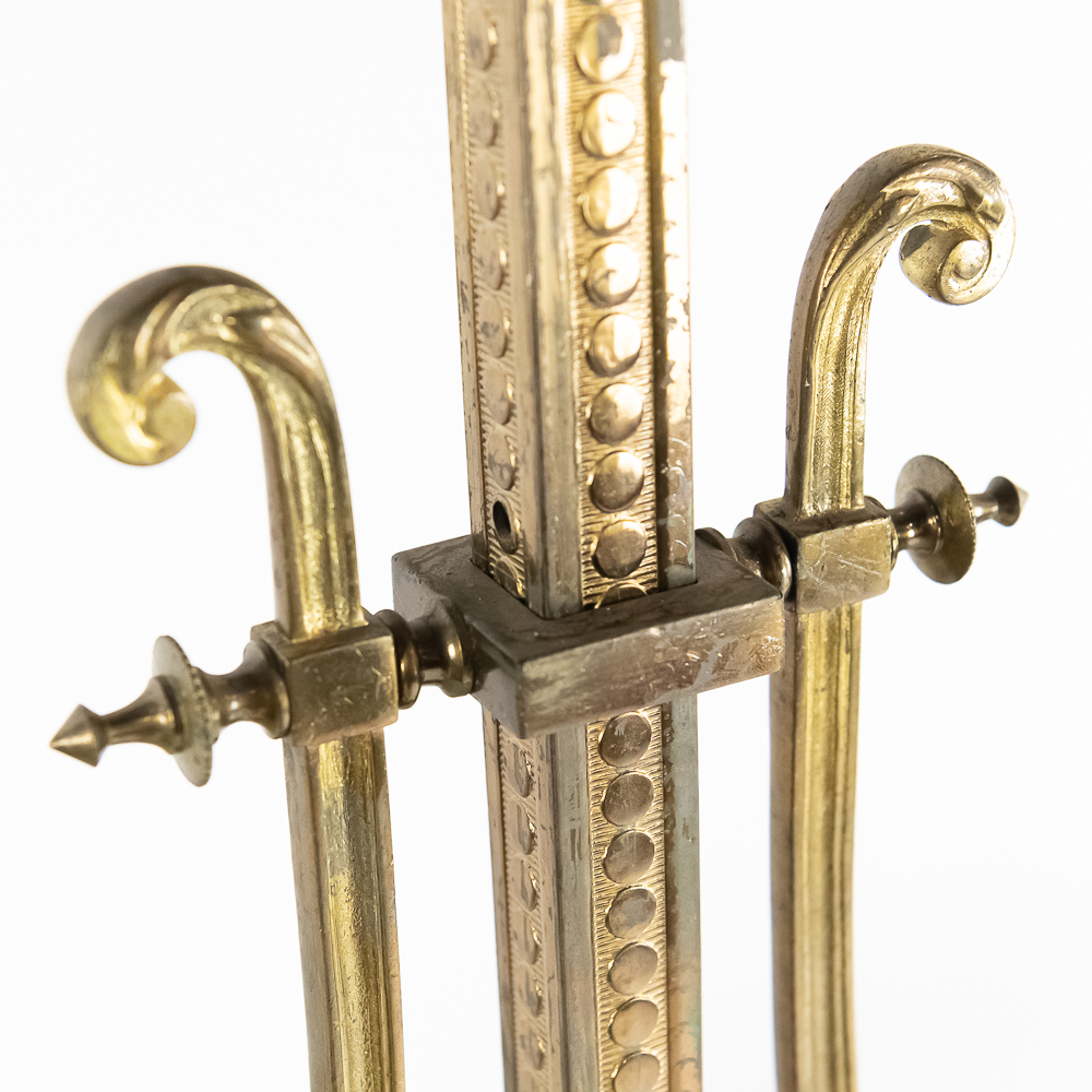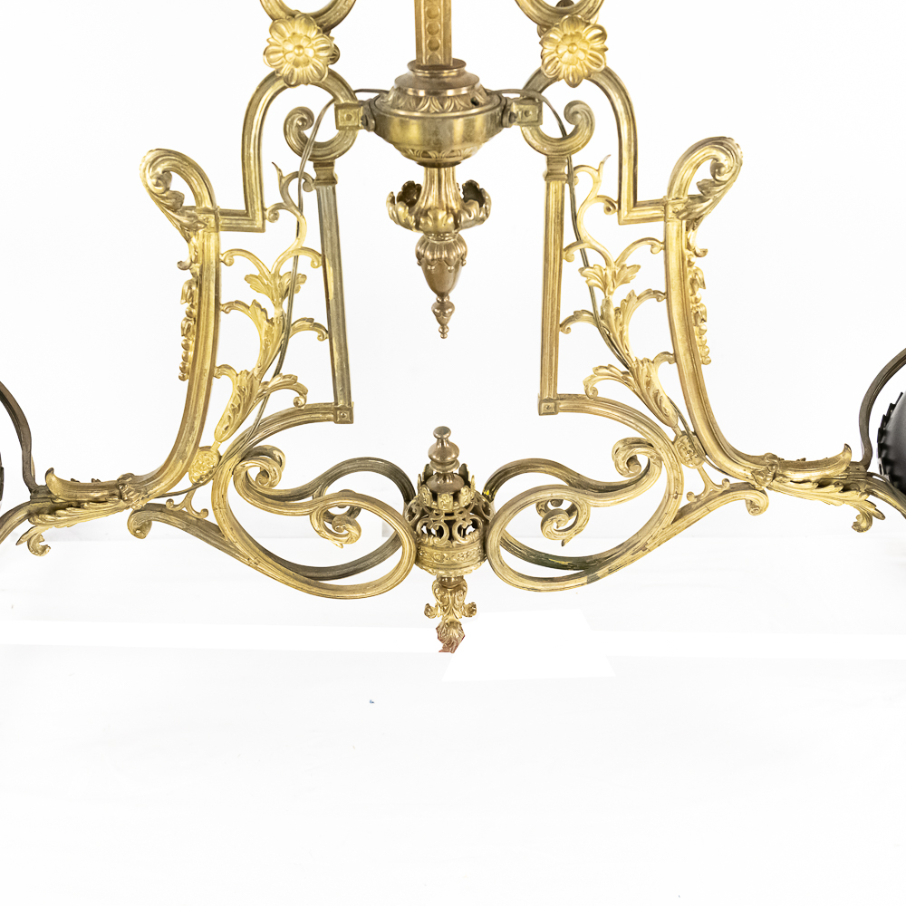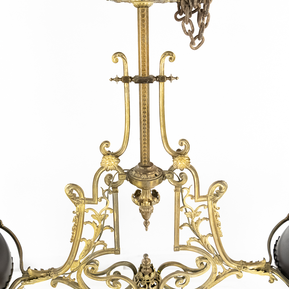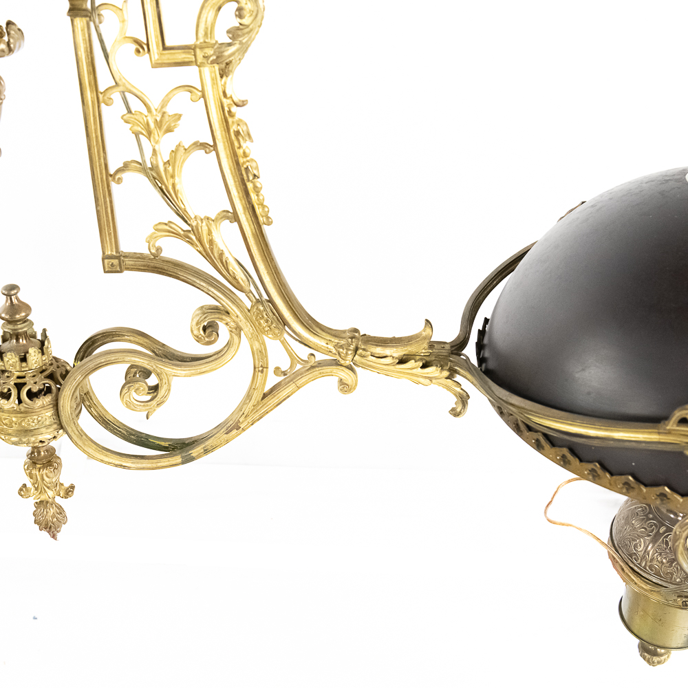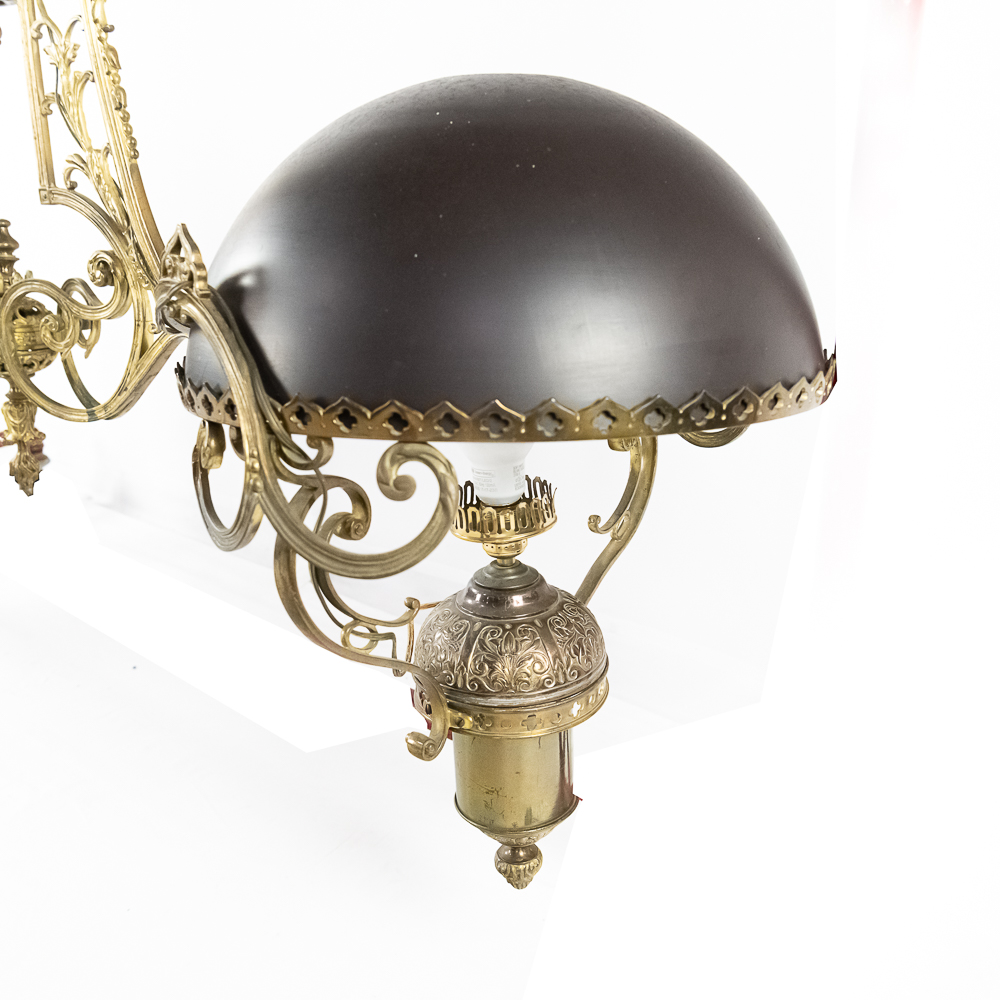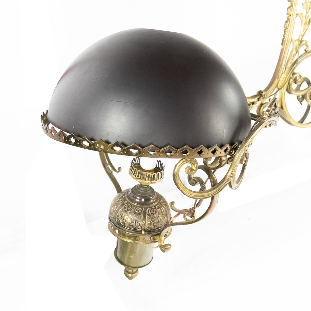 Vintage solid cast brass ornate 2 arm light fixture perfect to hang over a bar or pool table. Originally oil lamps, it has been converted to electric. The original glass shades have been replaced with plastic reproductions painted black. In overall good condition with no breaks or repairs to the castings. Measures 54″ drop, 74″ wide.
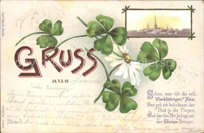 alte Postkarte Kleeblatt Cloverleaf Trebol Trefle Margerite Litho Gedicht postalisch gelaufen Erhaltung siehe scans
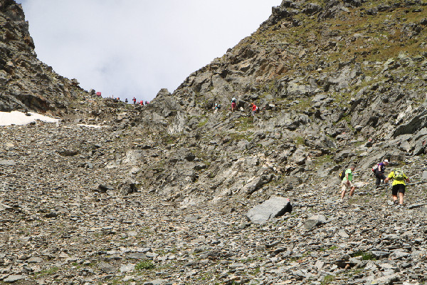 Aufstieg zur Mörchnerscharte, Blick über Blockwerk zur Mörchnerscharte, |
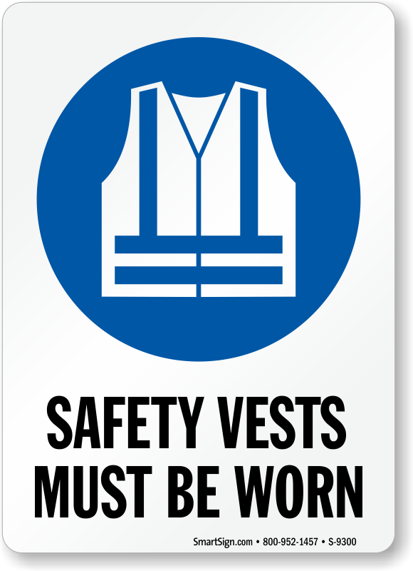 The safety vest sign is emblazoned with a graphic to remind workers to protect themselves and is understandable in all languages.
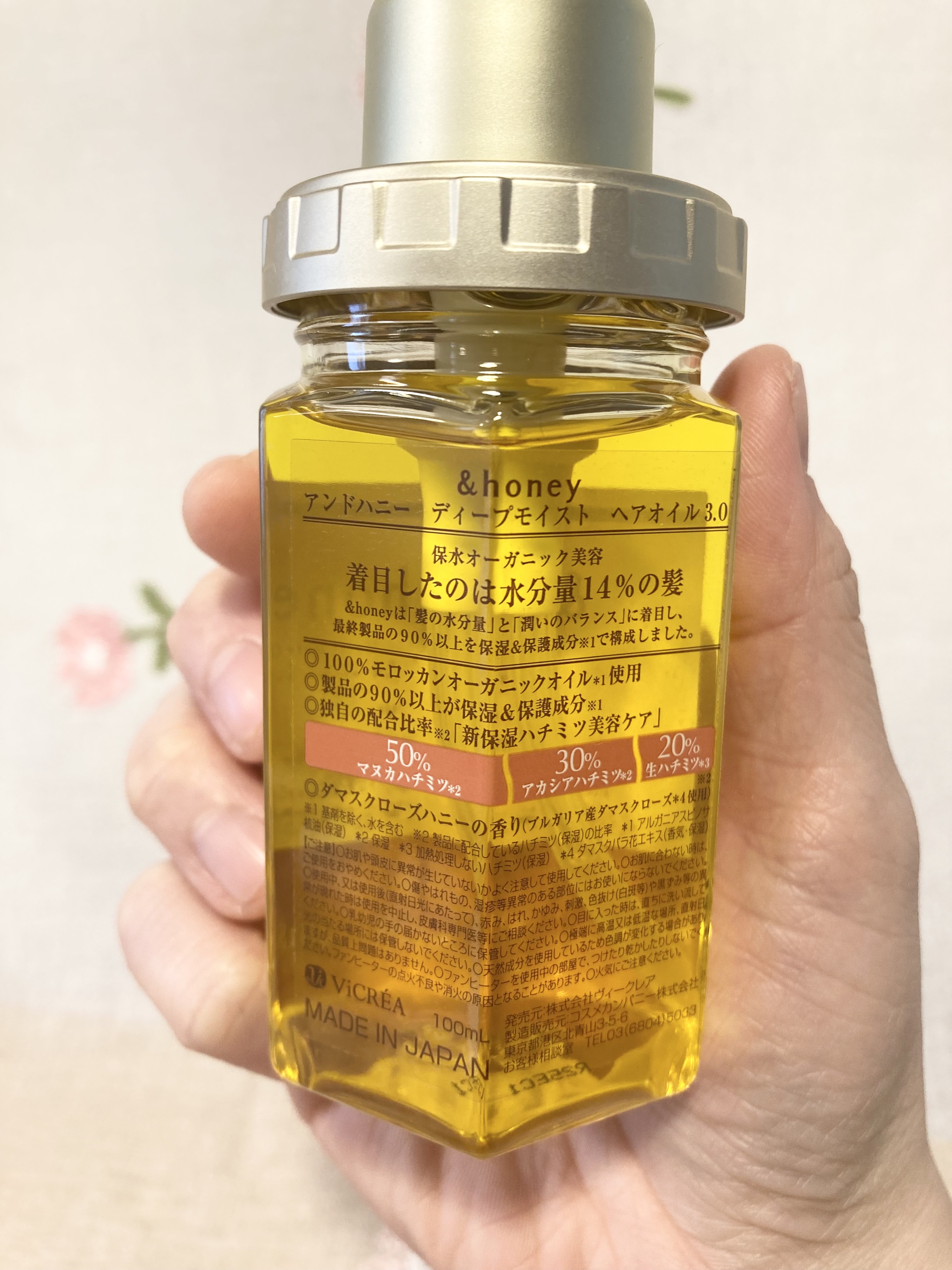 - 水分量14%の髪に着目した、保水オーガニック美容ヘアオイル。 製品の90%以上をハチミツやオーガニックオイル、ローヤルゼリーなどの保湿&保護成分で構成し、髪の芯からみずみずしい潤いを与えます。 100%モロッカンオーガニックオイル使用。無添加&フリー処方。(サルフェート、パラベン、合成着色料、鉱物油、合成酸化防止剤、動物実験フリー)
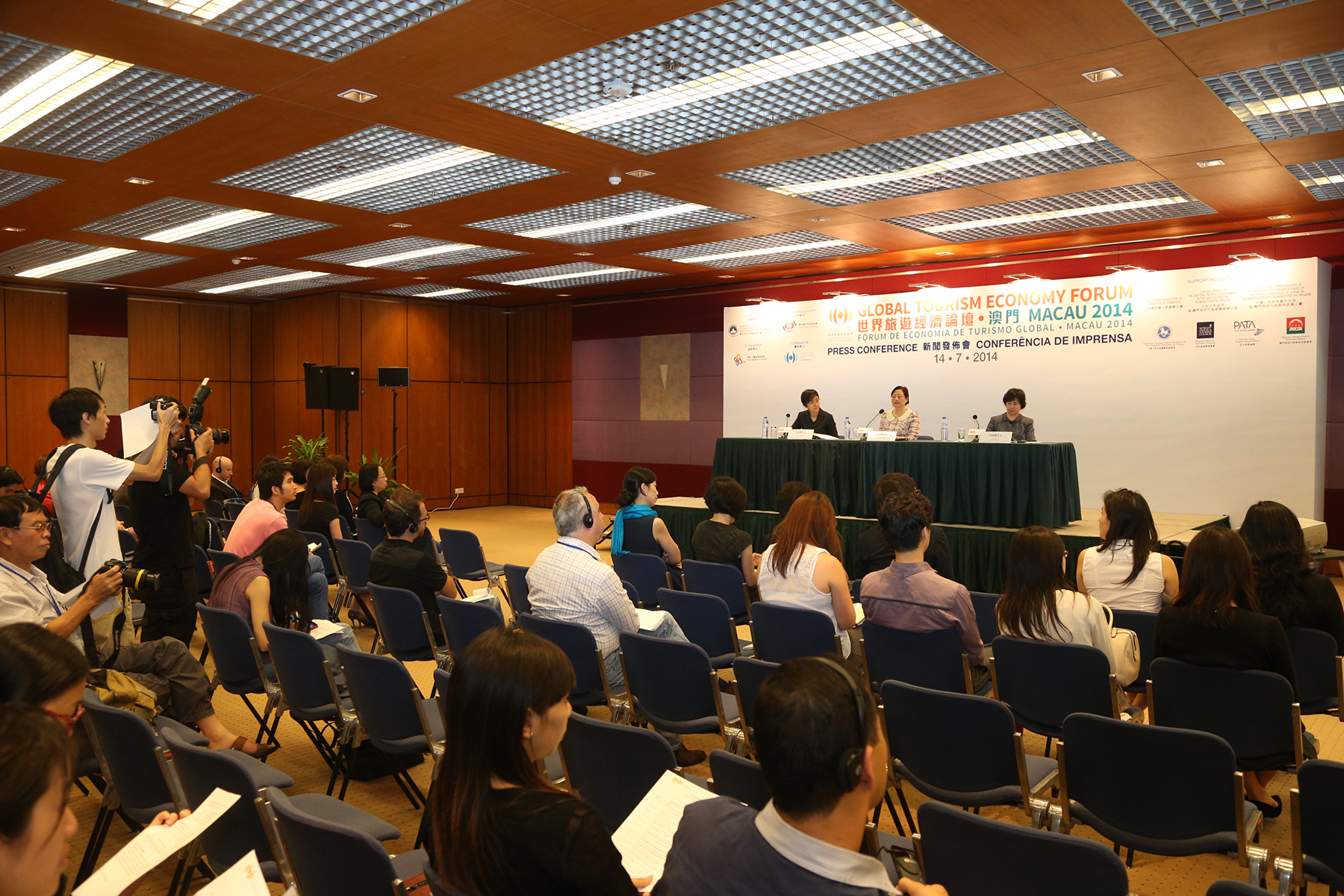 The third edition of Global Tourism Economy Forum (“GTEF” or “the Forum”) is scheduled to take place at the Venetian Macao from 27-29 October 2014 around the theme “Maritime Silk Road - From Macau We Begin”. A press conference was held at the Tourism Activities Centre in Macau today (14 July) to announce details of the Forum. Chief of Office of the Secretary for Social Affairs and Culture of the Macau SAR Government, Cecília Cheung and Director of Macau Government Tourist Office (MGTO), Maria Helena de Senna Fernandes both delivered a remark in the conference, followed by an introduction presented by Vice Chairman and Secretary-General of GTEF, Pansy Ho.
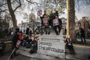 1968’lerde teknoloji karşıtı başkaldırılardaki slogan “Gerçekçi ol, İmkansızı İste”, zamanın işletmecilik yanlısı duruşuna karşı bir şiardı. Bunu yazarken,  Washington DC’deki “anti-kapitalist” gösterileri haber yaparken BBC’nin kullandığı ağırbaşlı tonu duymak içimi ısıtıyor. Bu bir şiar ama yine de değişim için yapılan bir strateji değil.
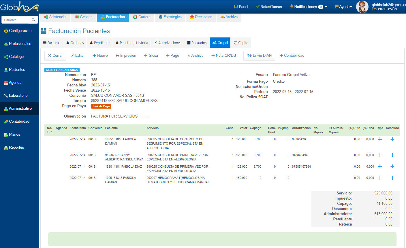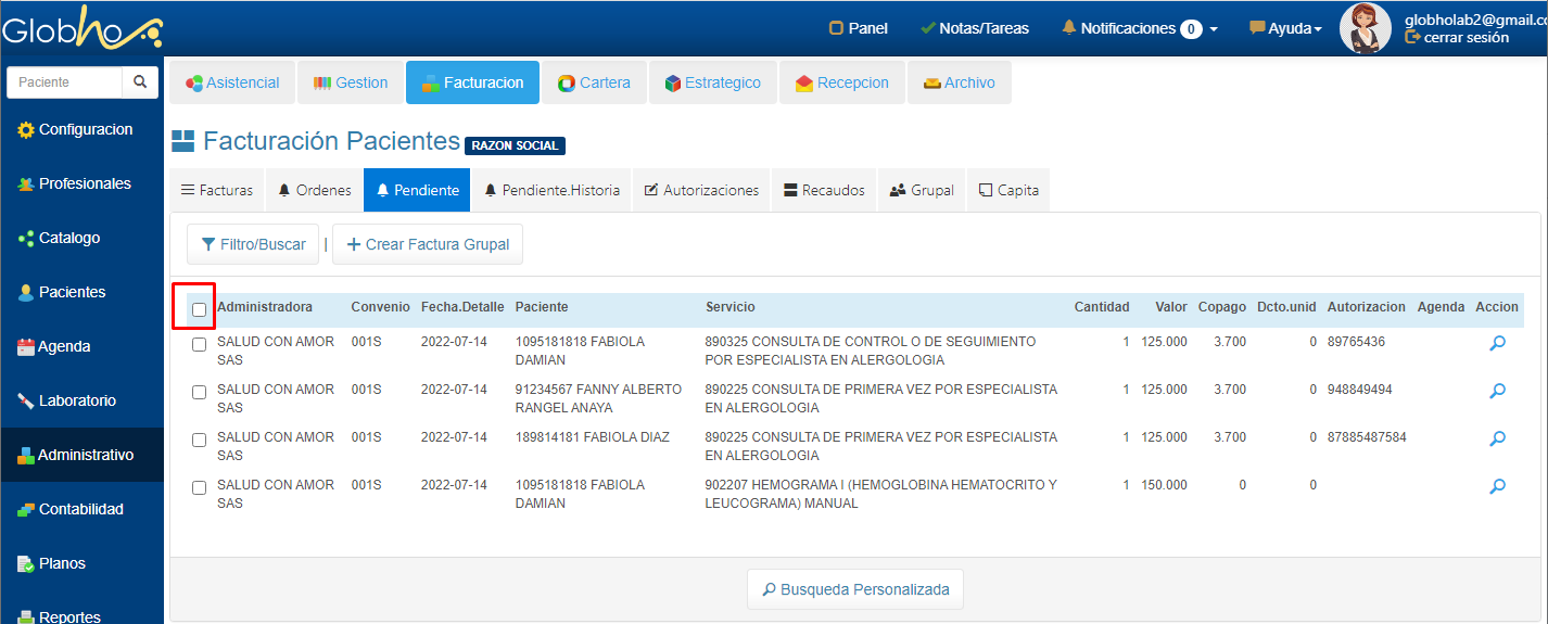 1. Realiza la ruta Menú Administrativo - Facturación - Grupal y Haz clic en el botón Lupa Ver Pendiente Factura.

- [Your task] Please restate the lines above exactly, starting at the first line of the data and stopping at the line containing "1968’lerde teknoloji karşıtı", which is included. Omit pictures.

- [Written response]
 Vintage solid cast brass ornate 2 arm light fixture perfect to hang over a bar or pool table. Originally oil lamps, it has been converted to electric. The original glass shades have been replaced with plastic reproductions painted black. In overall good condition with no breaks or repairs to the castings. Measures 54″ drop, 74″ wide.
 alte Postkarte Kleeblatt Cloverleaf Trebol Trefle Margerite Litho Gedicht postalisch gelaufen Erhaltung siehe scans
 Aufstieg zur Mörchnerscharte, Blick über Blockwerk zur Mörchnerscharte, |
 The safety vest sign is emblazoned with a graphic to remind workers to protect themselves and is understandable in all languages.
 - 水分量14%の髪に着目した、保水オーガニック美容ヘアオイル。 製品の90%以上をハチミツやオーガニックオイル、ローヤルゼリーなどの保湿&保護成分で構成し、髪の芯からみずみずしい潤いを与えます。 100%モロッカンオーガニックオイル使用。無添加&フリー処方。(サルフェート、パラベン、合成着色料、鉱物油、合成酸化防止剤、動物実験フリー)
 The third edition of Global Tourism Economy Forum (“GTEF” or “the Forum”) is scheduled to take place at the Venetian Macao from 27-29 October 2014 around the theme “Maritime Silk Road - From Macau We Begin”. A press conference was held at the Tourism Activities Centre in Macau today (14 July) to announce details of the Forum. Chief of Office of the Secretary for Social Affairs and Culture of the Macau SAR Government, Cecília Cheung and Director of Macau Government Tourist Office (MGTO), Maria Helena de Senna Fernandes both delivered a remark in the conference, followed by an introduction presented by Vice Chairman and Secretary-General of GTEF, Pansy Ho.
 1968’lerde teknoloji karşıtı başkaldırılardaki slogan “Gerçekçi ol, İmkansızı İste”, zamanın işletmecilik yanlısı duruşuna karşı bir şiardı. Bunu yazarken,  Washington DC’deki “anti-kapitalist” gösterileri haber yaparken BBC’nin kullandığı ağırbaşlı tonu duymak içimi ısıtıyor. Bu bir şiar ama yine de değişim için yapılan bir strateji değil.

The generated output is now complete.